Exercise:
Your reply should hold every entry below exactly as written and none of the pictures.

(Stored entries)
══════════
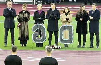 The family of David Gold with Mark Noble commemorate his life at the London Stadium before West Ham's game against Everton.
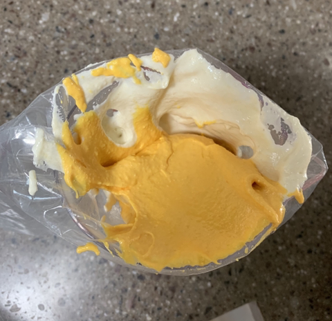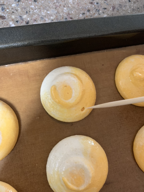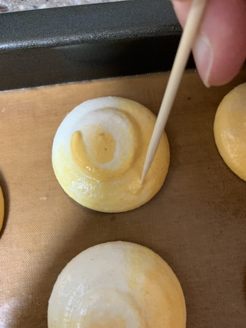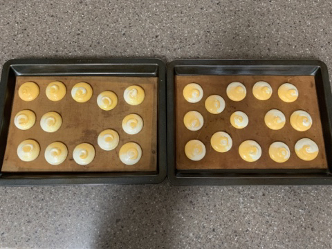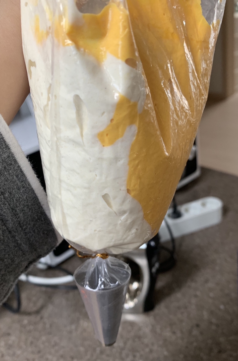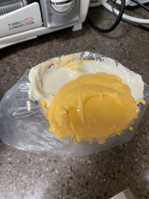 마블을 만들기 위해선 한 쪽에다 흰 반죽, 다른 쪽에 노란반죽 번갈아가며 채워주면 됩니다ㅎㅎ!!!
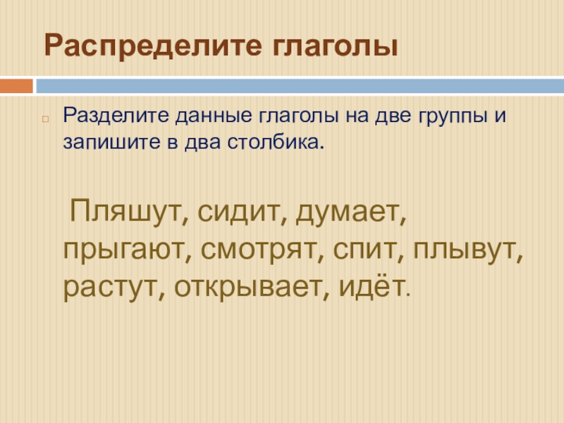 Распределите глаголыРазделите данные глаголы на две группы и запишите в два столбика.  Пляшут, сидит, думает, прыгают,
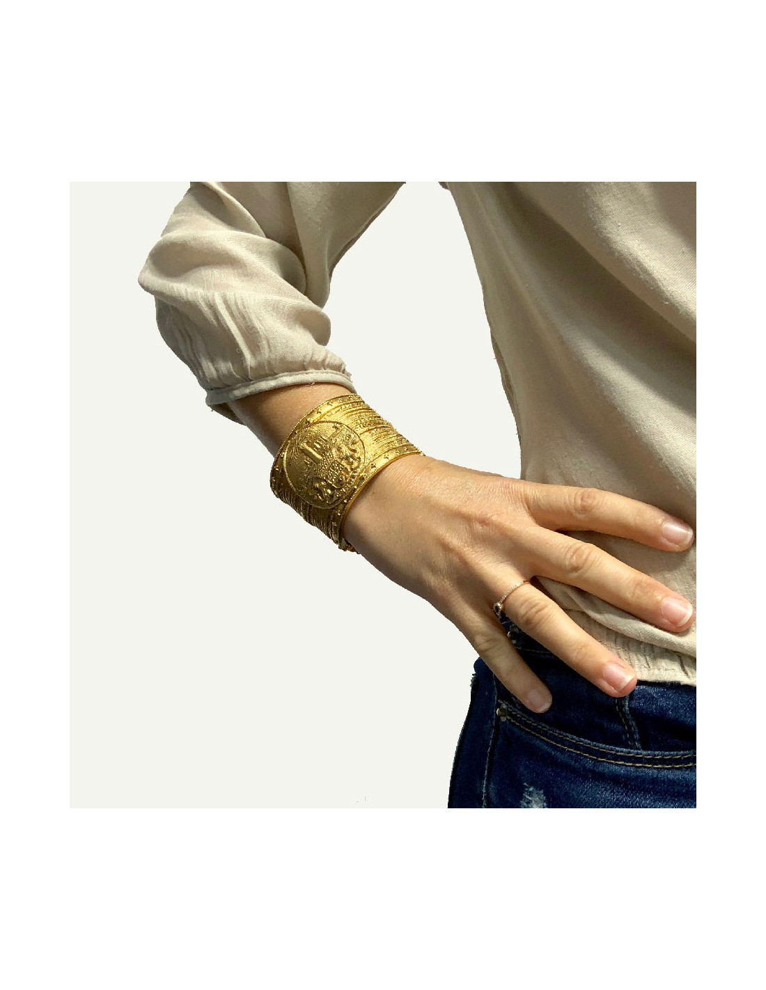 Last items in stock BRACELETS MARGUERITE de VALOIS Couture cuff bracelet in gilt metal and molten glass cabochons MARGUERITE DE VALOIS 23676 1,500.00 € Marguerite de Valois couture cuff bracelet made of aged gold metal inlaid with cabochons in ivory and dark amber molten glass. In perfect condition. Made in France. The Maison Marguerite de Valois manufactures its jewelry in its Parisian workshops. It uses an ancestral technique for the creation of its pieces, the work of the molten glass, classified in... Add to cart
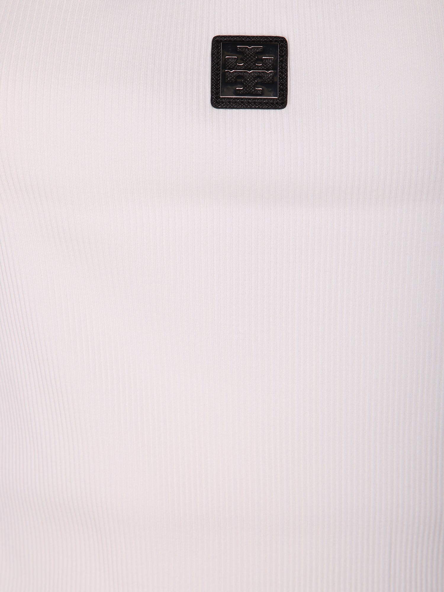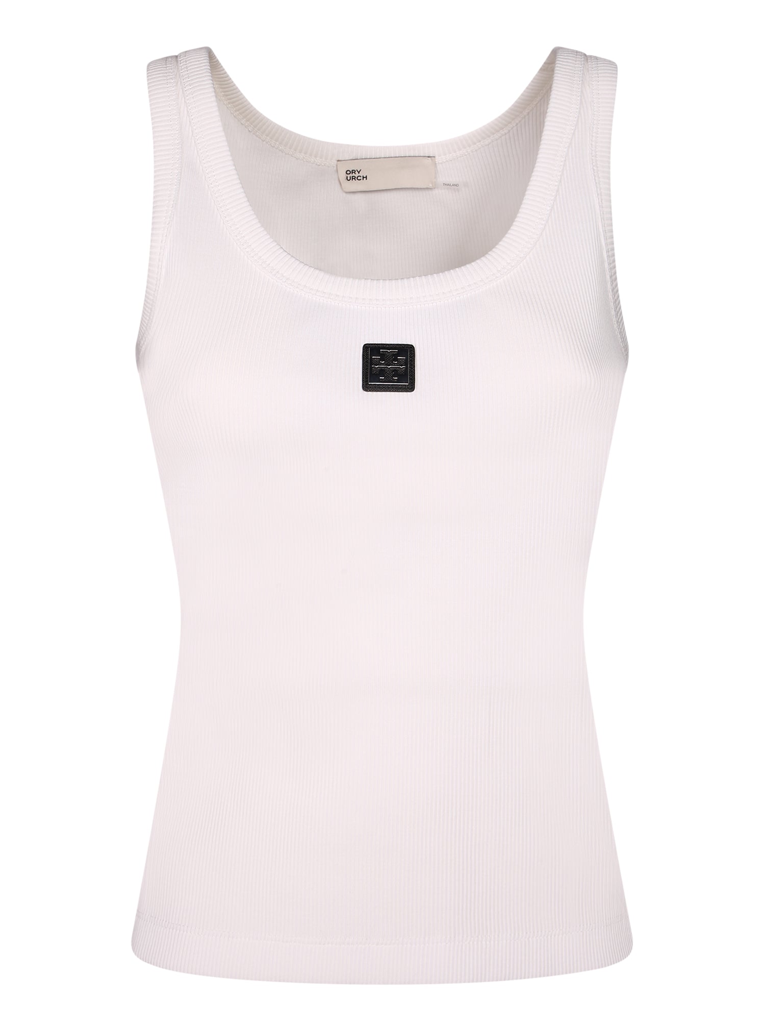 White cotton tank top. Front square logo. Round neckline.
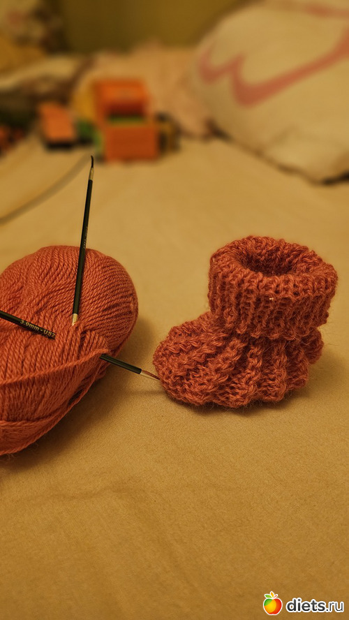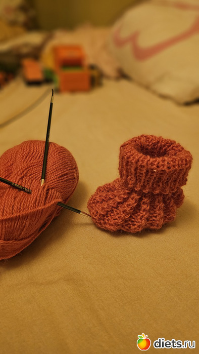 Но я о другом. Дочка подорвалась организовать прощальный подарок. Будет коробка со всякими мелочами, кто что из учеников придумал. От себя дочка хочет подарить пинетки ручной вязки, при том, что она не вяжет, много раз пыталась научить ее вязать, но руки кое у кого не из того места растут
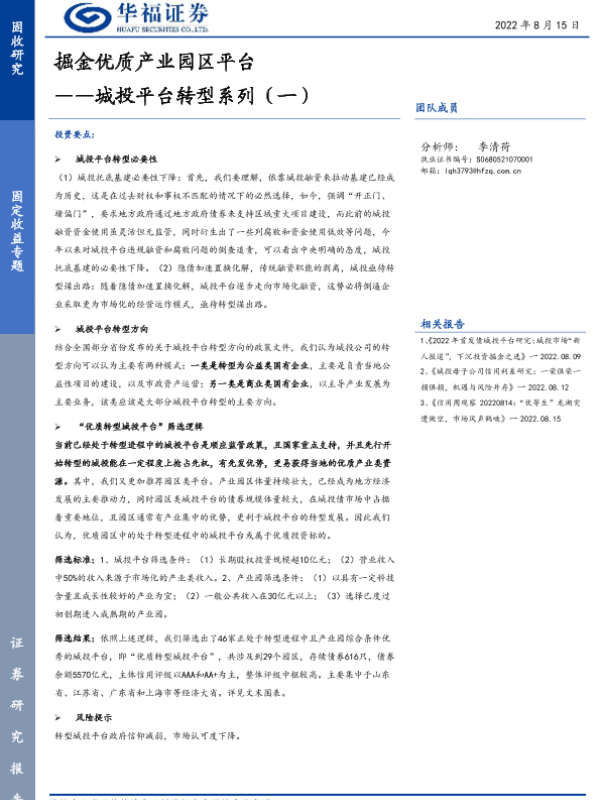 【华福证券】【20220815】掘金优质产业园区平台——城投平台转型系列(一)-16页
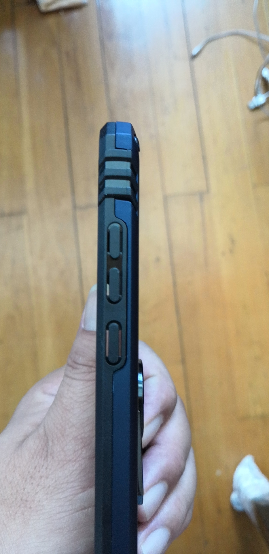 手机壳后背的这个卡扣设计一体的非常好,防止户外用手机不经意的掉落,而且手指位置很合适,还能当支架用
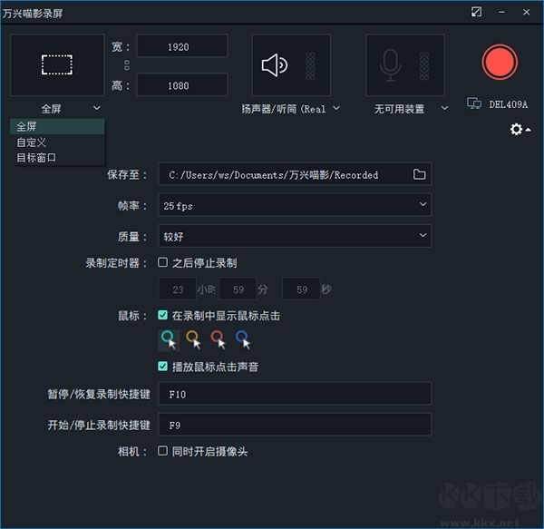 3、點擊下拉菜單根據(jù)需求選擇“全屏”、“自定義”或“目標窗口”。如需通過麥克風或系統(tǒng)聲音錄制,請點擊相應圖標。此外,開始錄制前可通過右下角設置選項檢查細節(jié)設置。
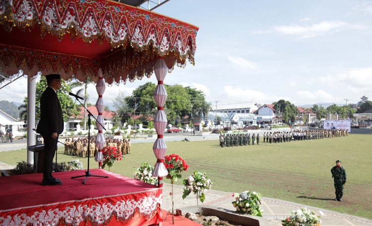Bertindak sebagai Inspektur Upacara (Irup) yang diikuti Forkoimda Kotamobagu, Instansi vertikal, pajabat eselon II Pemkot Kotamobagu, seluruh ASN, kepada desa tersebut, yakni Sekretaris Daerah (Sekda) Kotamobagu, Sofyan Mokoginta SH ME.
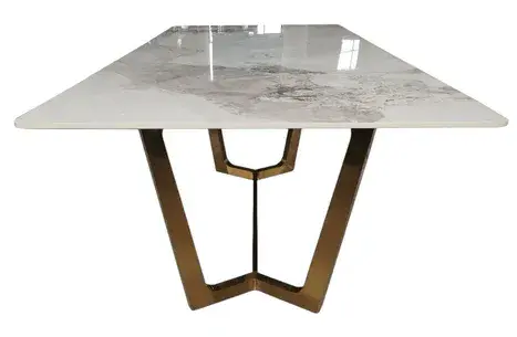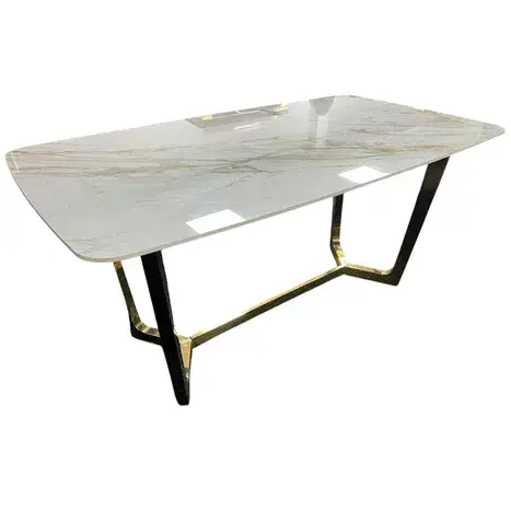 Supporting the tabletop are sleek, architectural gold or black finished legs that add a bold yet refined touch. Their clean, geometric lines create a minimalistic silhouette while lending exceptional stability and visual balance.
══════════
Exercise response:
 The family of David Gold with Mark Noble commemorate his life at the London Stadium before West Ham's game against Everton.
 마블을 만들기 위해선 한 쪽에다 흰 반죽, 다른 쪽에 노란반죽 번갈아가며 채워주면 됩니다ㅎㅎ!!!
 Распределите глаголыРазделите данные глаголы на две группы и запишите в два столбика.  Пляшут, сидит, думает, прыгают,
 Last items in stock BRACELETS MARGUERITE de VALOIS Couture cuff bracelet in gilt metal and molten glass cabochons MARGUERITE DE VALOIS 23676 1,500.00 € Marguerite de Valois couture cuff bracelet made of aged gold metal inlaid with cabochons in ivory and dark amber molten glass. In perfect condition. Made in France. The Maison Marguerite de Valois manufactures its jewelry in its Parisian workshops. It uses an ancestral technique for the creation of its pieces, the work of the molten glass, classified in... Add to cart
 White cotton tank top. Front square logo. Round neckline.
 Но я о другом. Дочка подорвалась организовать прощальный подарок. Будет коробка со всякими мелочами, кто что из учеников придумал. От себя дочка хочет подарить пинетки ручной вязки, при том, что она не вяжет, много раз пыталась научить ее вязать, но руки кое у кого не из того места растут
 【华福证券】【20220815】掘金优质产业园区平台——城投平台转型系列(一)-16页
 手机壳后背的这个卡扣设计一体的非常好,防止户外用手机不经意的掉落,而且手指位置很合适,还能当支架用
 3、點擊下拉菜單根據(jù)需求選擇“全屏”、“自定義”或“目標窗口”。如需通過麥克風或系統(tǒng)聲音錄制,請點擊相應圖標。此外,開始錄制前可通過右下角設置選項檢查細節(jié)設置。
Bertindak sebagai Inspektur Upacara (Irup) yang diikuti Forkoimda Kotamobagu, Instansi vertikal, pajabat eselon II Pemkot Kotamobagu, seluruh ASN, kepada desa tersebut, yakni Sekretaris Daerah (Sekda) Kotamobagu, Sofyan Mokoginta SH ME.
 Supporting the tabletop are sleek, architectural gold or black finished legs that add a bold yet refined touch. Their clean, geometric lines create a minimalistic silhouette while lending exceptional stability and visual balance.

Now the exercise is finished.